J’ai neuf ans, c’est mon premier voyage à Venise, je marche avec mes parents le long des rues qui relient le quartier de la gare à San Marco. Je boude, j’en ai oublié la raison, je fais la tête et je ne lève pas les yeux pendant les 2km du trajet pour rejoindre la Piazza San Marco. Nous passons les arcades qui borde cette place, et je lève enfin les yeux. Je me souviens précisément de cet instant de stupéfaction, l’appel de l’ouverture de l’esplanade, de l’effet de surprise de cette étendue scénographique. Nous avançons en direction de la basilique et du campanile — c’est mon premier souvenir d’architecture.
Ce mouvement de la marche, ce mouvement du regard vers une architecture, je l’associerai plus tard au mouvement de caméra du travelling, que les frère Lumière ont nommé le panorama. Ce panorama, ce travelling est une façon d’embrasser un lieu, un paysage. Je tiens à la polysémie du mot d’embrassement car le cinéma a été pour moi une façon d’embrasser les visages, d’embrasser les corps dans une approche chorégraphique. Donc, la marche, le corps et le visage sont les mots de mon vocabulaire que j’associe à l’architecture. 
Piazza San Marco, Terrasse de la Basilique San Marco, Venise, été 1977. Photographie de vacances, Jean-Claude Pasquier (ou Jiri Sel).
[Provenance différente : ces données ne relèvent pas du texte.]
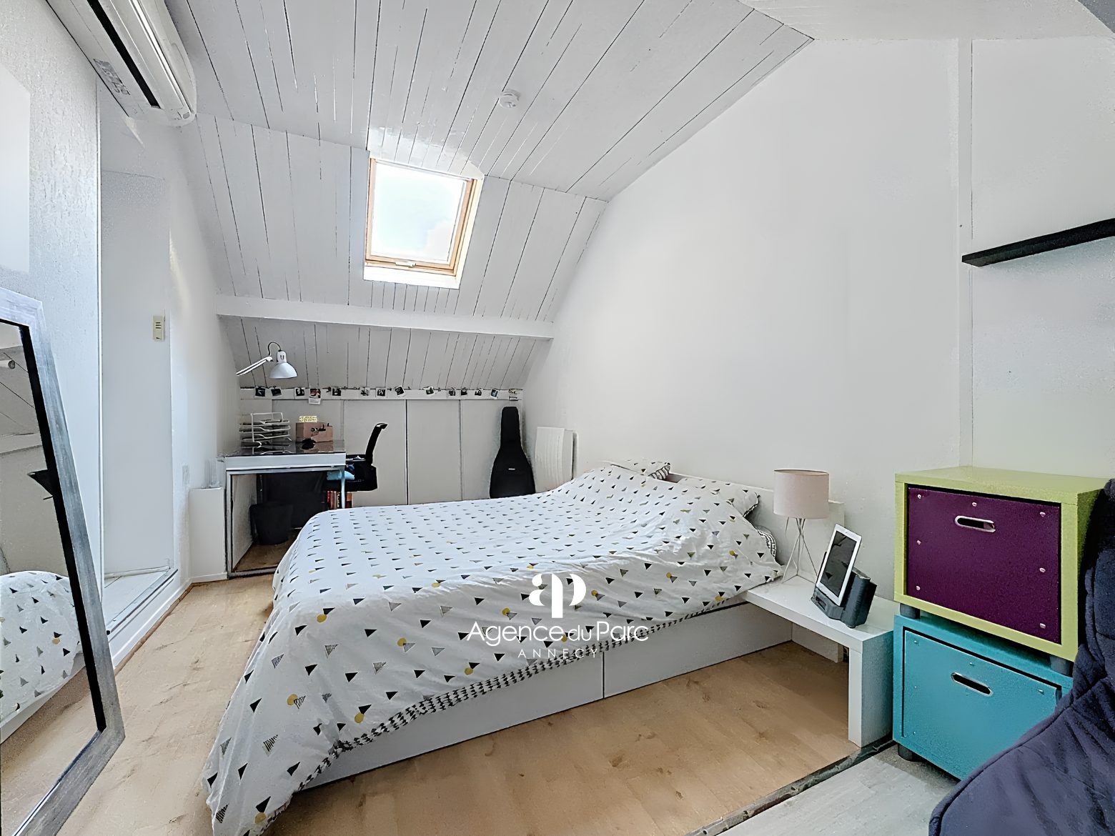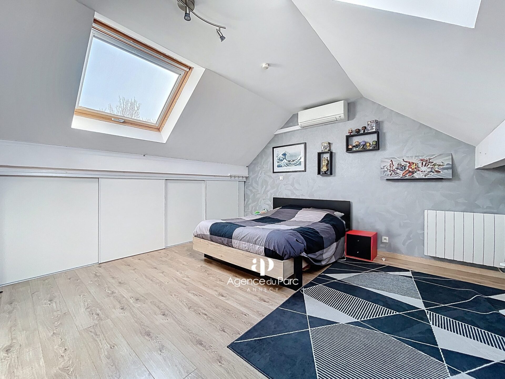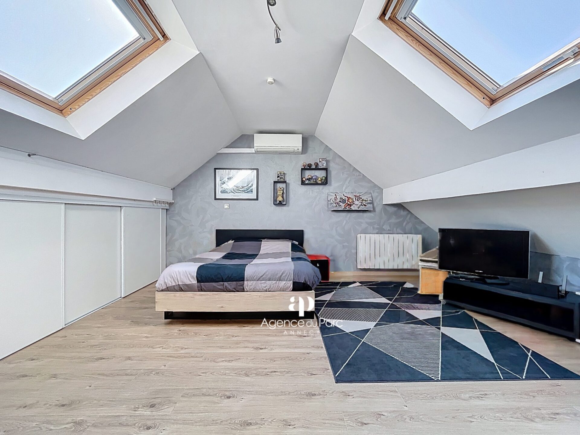 dans les combles, une grande chambre en sous pente de 14,98 m2 Loi Carrez (+ 15,67 m2 au sol) avec placards aménagés, avec possibilité d’aménager une salle d’eau,

« Revoir une image », c’est parier sur un retour vers une photographie issue de mes archives, réalisée par moi-même ou un membre de ma famille. À chaque image, j’adjoins un commentaire, une légende aussi factuelle que possible, pour faire émerger, du souvenir, la présence d’un instant suspendu à l’oubli.
Le geste de « revoir une image » devient ici une tentative de réactiver la mémoire enfouie, non pas en la forçant, mais en la laissant émerger à travers une description. Cette démarche invite à interroger le rapport entre l’image, l’oubli, et le souvenir : que reste-t-il d’un instant photographié lorsque les émotions qui lui étaient liées s’estompent ? En adjoignant une légende factuelle, je propose un « lieu » qui permet à l’image de « parler » par elle-même, libérant une interprétation plus universelle. Cet « instant suspendu » devient alors un point de rencontre entre un regard passé et présent, mais aussi entre l’intime et le collectif.